Ansprache von Prof. DDr. Gotthold Hasenhüttl:

Ich begrüße Sie ganz herzlich zum Ökumenischen Gottesdienst mit Eucharistiefeier nach katholischem Ritus und "offener Kommunion". Alle sind eingeladen zum Empfang des Abendmahls als Zeichen der Gemeinschaft untereinander in Jesus Christus in den Symbolen von Brot und Wein.

Es ist schon erstaunlich, wie schwer sich die Christen von Anfang an mit dem gemeinsamen Abendmahl getan haben. Der erste Streit unter den Christen, wie wir aus der Apostelgeschichte und bei Paulus erfahren, geht um die Tischgemeinschaft. Wie können Juden und Heiden beim eucharistischen Mahl zusammenkommen? Heiden essen doch nicht koscher! Eine nicht koschere Eucharistiefeier ist unmöglich - so die Juden. Petrus schwankt, er ist schließlich für die getrennte Mahlfeier. Hätte Paulus dem Petrus, nach katholischem Verständnis der erste Papst, nicht ins Angesicht widerstanden, wären Juden- und Heidenchristen gesonderte Wege gegangen und die Spaltung hätte in der biblischen Zeit begonnen. Der erste Papst aber pochte nicht auf seine "Unfehlbarkeit" und so wurden die theologischen Unterschiede versöhnt. Aber bald folgte das zweite Ausschlussverfahren. Mit Ungetauften Tischgemeinschaft zu pflegen, ist doch unmöglich. Ist also Christus nur noch für Getaufte da? Hat er nicht selbst mit Zöllnern und Sündern gegessen? Und hat nicht Judas am Abendmahl teilgenommen? Keiner der Apostel war je getauft worden und doch feierten sie Eucharistie. Und die, die in der Apostelgeschichte miteinander in den Häusern das Brot brachen, waren wohl kaum alle getauft. Wer kann einem Ungetauften, wenn er die Gemeinschaft mit Jesus Christus haben möchte, diese Gemeinschaft verweigern? Doch die Kirche trennte sich ab und schloss aus. Ist Jesus Christus seit damals nicht mehr für alle da?
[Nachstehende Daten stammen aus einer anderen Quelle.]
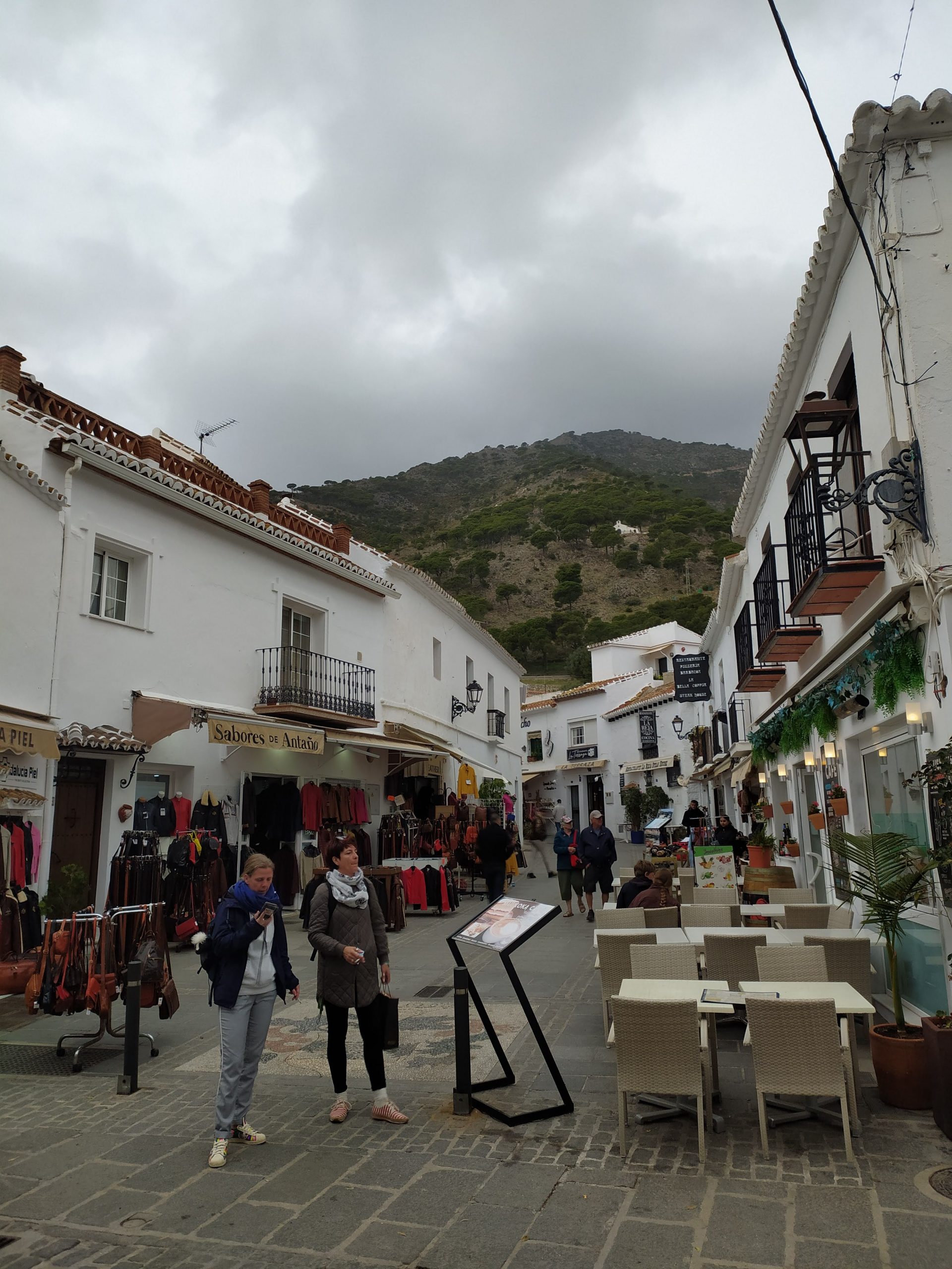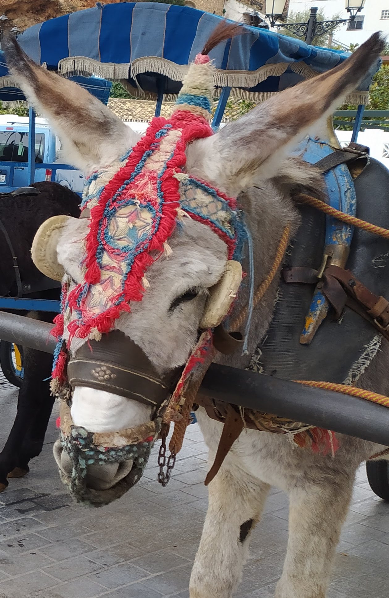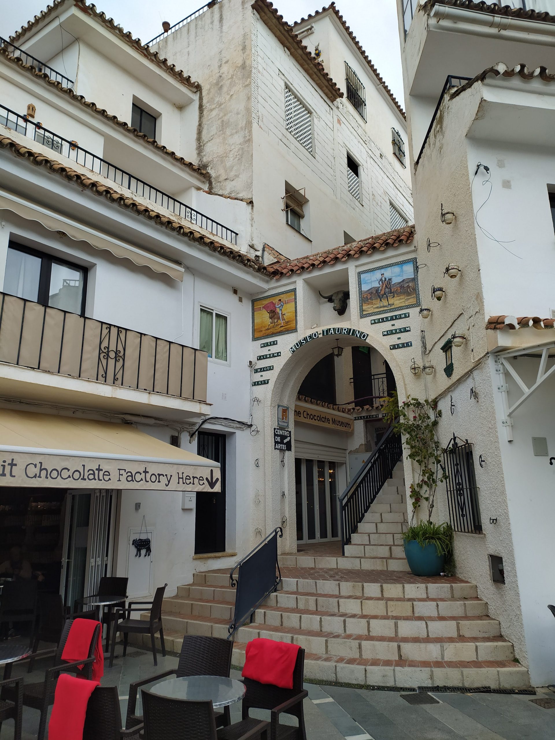 Czytaliśmy w necie, że po wąskich, stromych uliczkach kursują osiołki. Teraz na szczęście nie było wielu odwiedzających i mogły spokojnie stać w swoich boksach przy rynku. Zapewne latem mają więcej pracy wożąc leniwych turystów w upale w górę miasta… Miasteczko jest dużo bardziej nastawione na zwiedzających niż odwiedzone przez nas w poprzednich dniach Casares czy Setenil de las Bodegas. Dużo butików, kawiarni, straganów z wyrobami ze skóry i pamiątkami. Zaszliśmy do sklepu połączonego z małą rzemieślniczą wytwórnią czekolady. Czekolady wyglądały tak smakowicie, że kupiliśmy kilka tabliczek.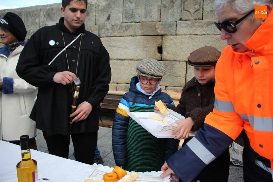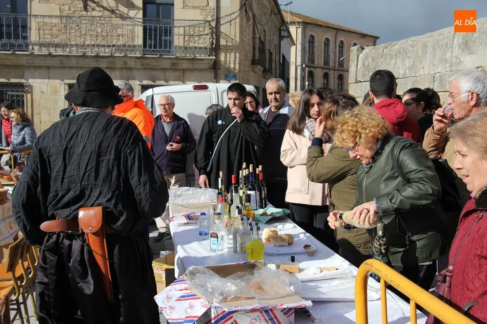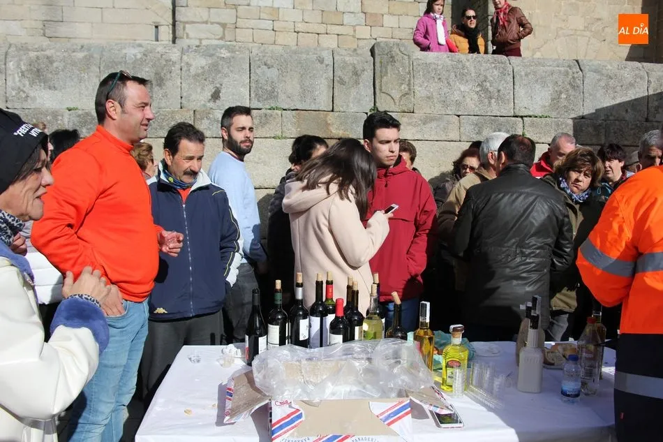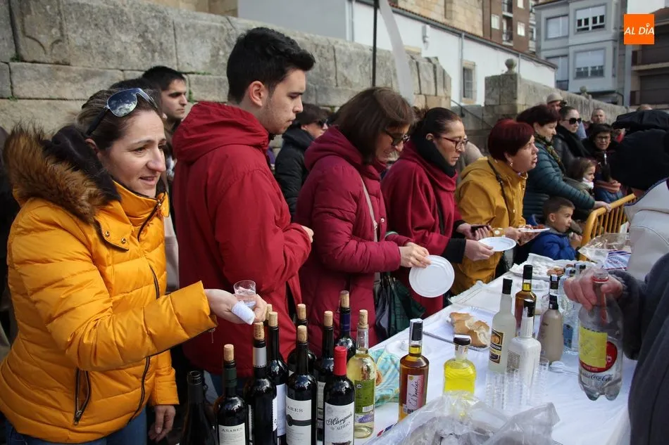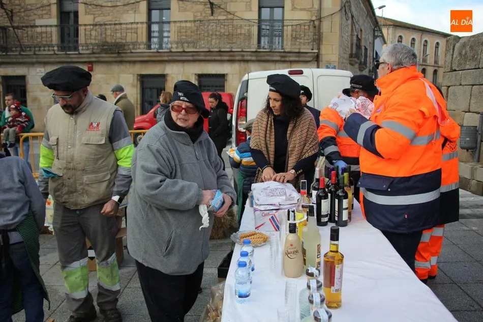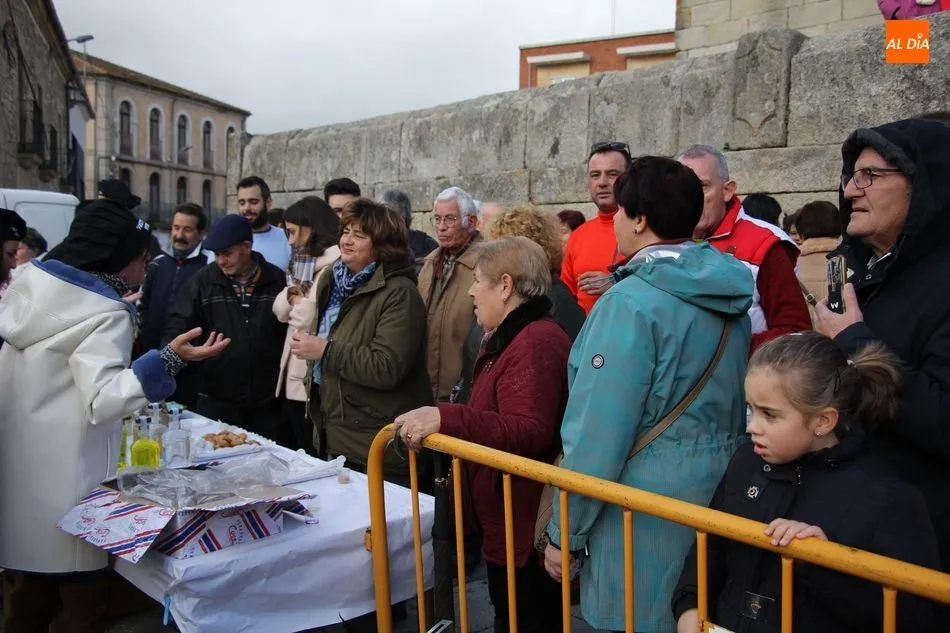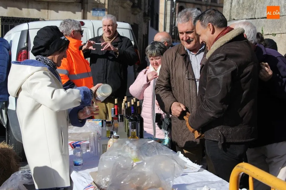 A perrunillas, mantecados y bizcochos se sumaban los licores en el convite, aguardiente, hierbas y otros para entrar en calor en una mañana que amenazaba lluvia, aunque finalmente el cielo encapotado de gris se abrió dando paso a unos tenues rayos de sol.

Und schließlich schlossen sich auch Getaufte gegenseitig aus, weil die Theologie über die Gegenwart Christi und wodurch sie geschieht (Amt) unterschiedlich war, dabei hören wir, dass wo zwei oder drei in meinem Namen beisammen sind, Jesus Christus mitten unter ihnen ist. Können Brot und Wein kein Zeichen mehr dafür und Symbol seiner Gegenwart sein? Wollte Jesus Christus nicht ein Hirte und für seine Herde da sein? Gerade den anderen anders sein lassen, ermöglicht echte Gemeinschaft. Vielfalt nicht Uniformität! Kann Jesus Christus nicht auf verschieden Weise für Menschen mit unterschiedlichem Verständnis gegenwärtig sein? Auf evangelische Wiese, auf katholische Weise, auf jede christliche Weise? Nach katholischem Verständnis empfängt freilich der, der meint, er isst nur Brot, auch tatsächlich nur dieses. Wie intensiv lädt Jesus zum Hochzeitsmahl ein - gerade auch die Geächteten. Wer hingegen ausschließt, schließt sich selbst von der Gegenwart Christi aus.
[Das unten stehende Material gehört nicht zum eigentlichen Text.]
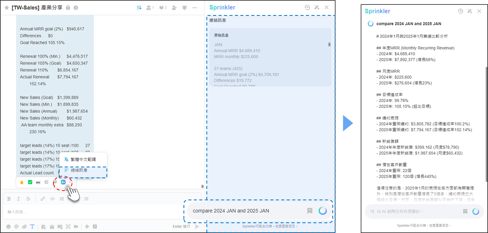 『总结信息』与『总结文档』 功能,让 AI 帮助您快速解析单则信息或文档内容,并根据您的需求进行分析、编辑、资料撷取与整理。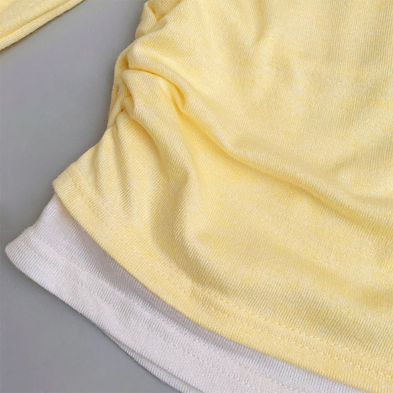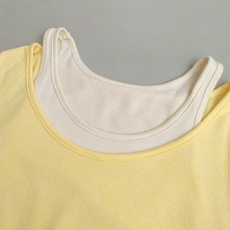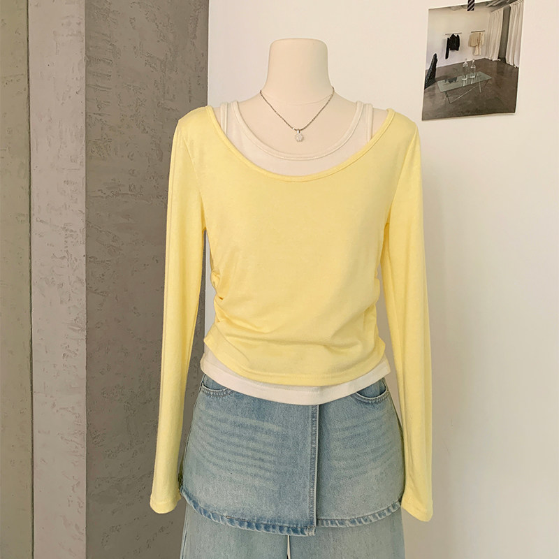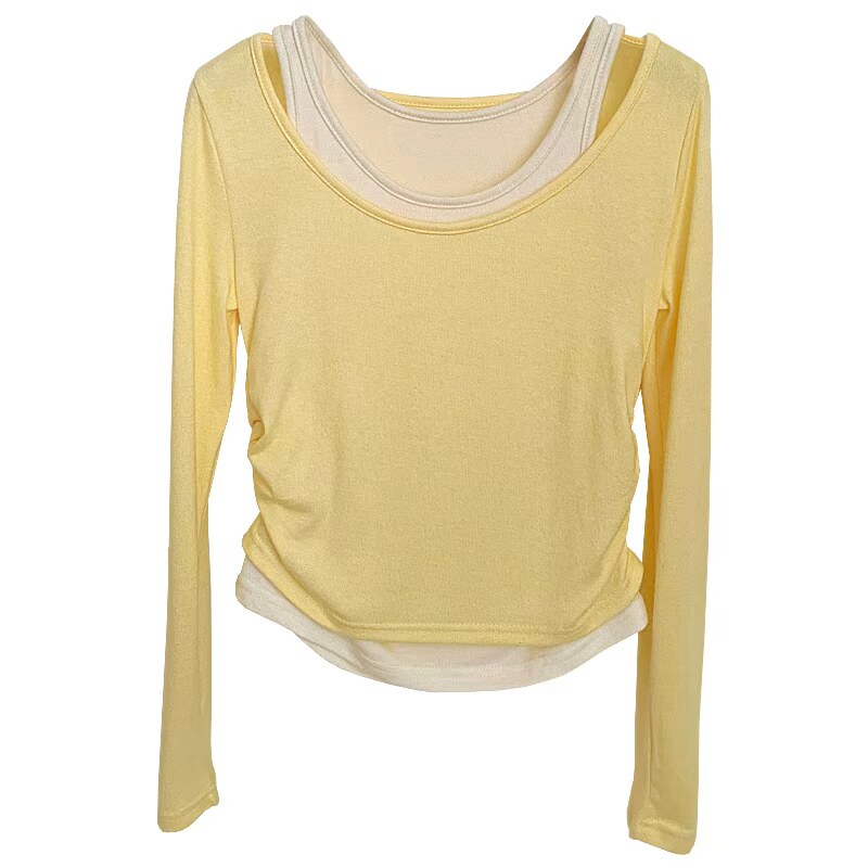 韩系2026早春新款黄色假两件长袖T恤女短款修身叠穿打底衫上衣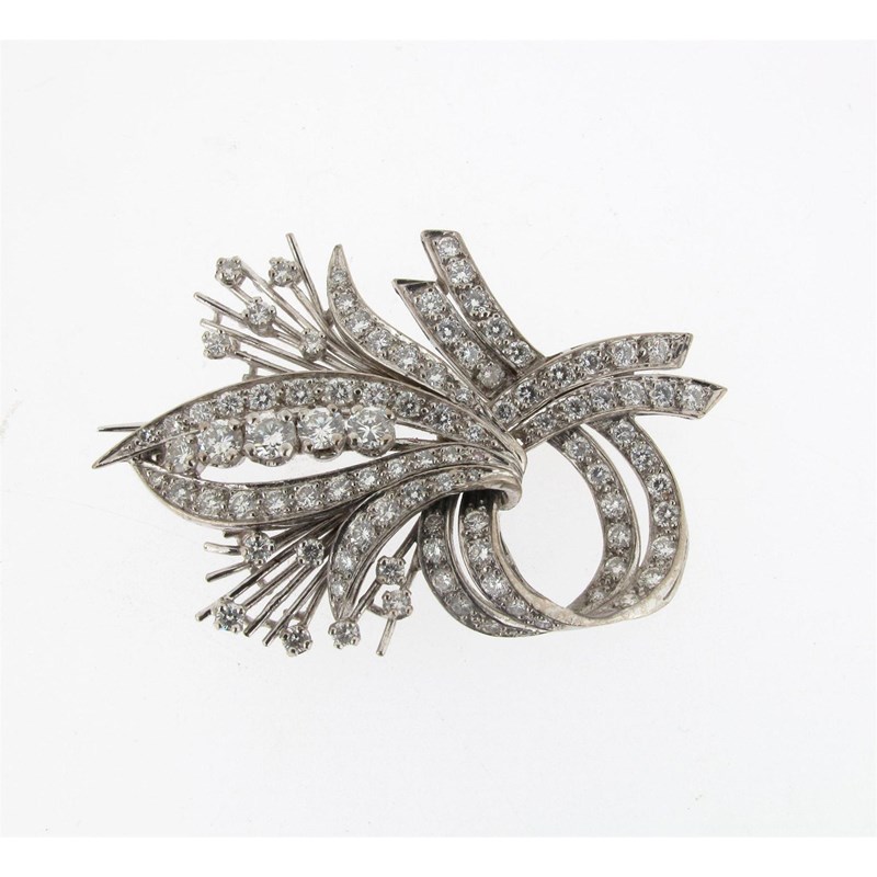 A diamond spray brooch, set overall with graduated circular cut diamonds in platinum. 5cm wide.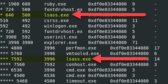 - You will see on the image below, there are two lsass.exe processes. The top one has a parent PID of 500 which is a legitimate parent process for lsass.exe. The second entry is showing Explorer.exe as its parent PID, which makes it suspicious.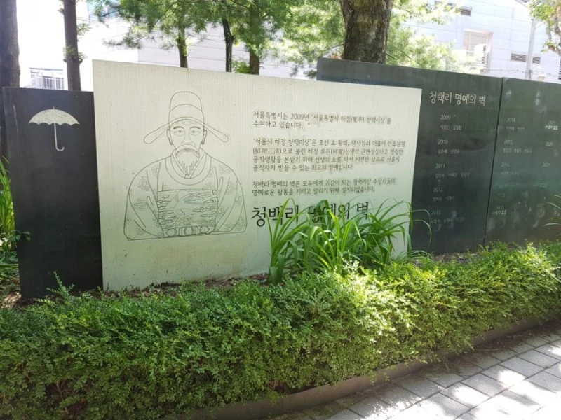 그리고 그렇게 다녔는데도 인지하지 못했던 곳. 동대문도서관 앞 공원에는 세종 시대 대표 청백리, 하정 유관 선생의 집인 우산각이라는 명칭을 딴 “우산각 공원”이 있었다. 서울시에서는 2009년부터 하정 청백리상을 수여하고 있다고 해설사께서 설명해 주었다. 공원에는 그의 청렴한 일화를 담은 이야기 게시판도 있었다. 공공기관 직원으로서 필자도 하정 유관 선생의 그 청렴한 삶을 본받아 청렴하게 살도록 노력하겠다.

Nicht die Gemeinschaft macht ein Essen nach Paulus "unwürdig". Unwürdig ist es nur dann, wenn sie einen satt sind und die anderen hungern, d.h. wer das Zeichen der Eucharistie setzt, das Zeichen der Gemeinschaft, des Friedens und der Liebe ist, und sich unsolidarisch, sich "gleichgültig gegenüber den Armen" verhält, wer also spaltet, der schließt sich aus, der spaltet sich selbst, indem er im Symbol der Tischgemeinschaft in Liebe bejaht, im Leben aber verneint. Das Symbol wird zum Diabol. Eucharistie wird diabolisch. Wer den Menschen nicht liebt, den er sieht, kann Gott nicht lieben, den er nicht sieht. Nur im Sichtbaren begegnet Gottes Wirklichkeit. Hier beim Gottesdienst kann unter uns Christi Wirklichkeit, Gotteserfahrung möglich werden. Die Lebensfrage aber lautet nicht: Wie oft habt ihr Abendmahl gefeiert, sondern, was ihr dem Geringsten getan habt, das habt ihr mir getan. Die Eucharistie will jede Spaltung beseitigen und ist vor allem Zeichen dafür, dass alle Menschen angenommen sind. So sollen wir heute die Aufforderung des Papstes in "Ecclesia de Eucharistia" folgen, indem er sagt: "Steh auf und iss, sonst ist der Weg zu weit für Dich" - und dies gilt für uns alle.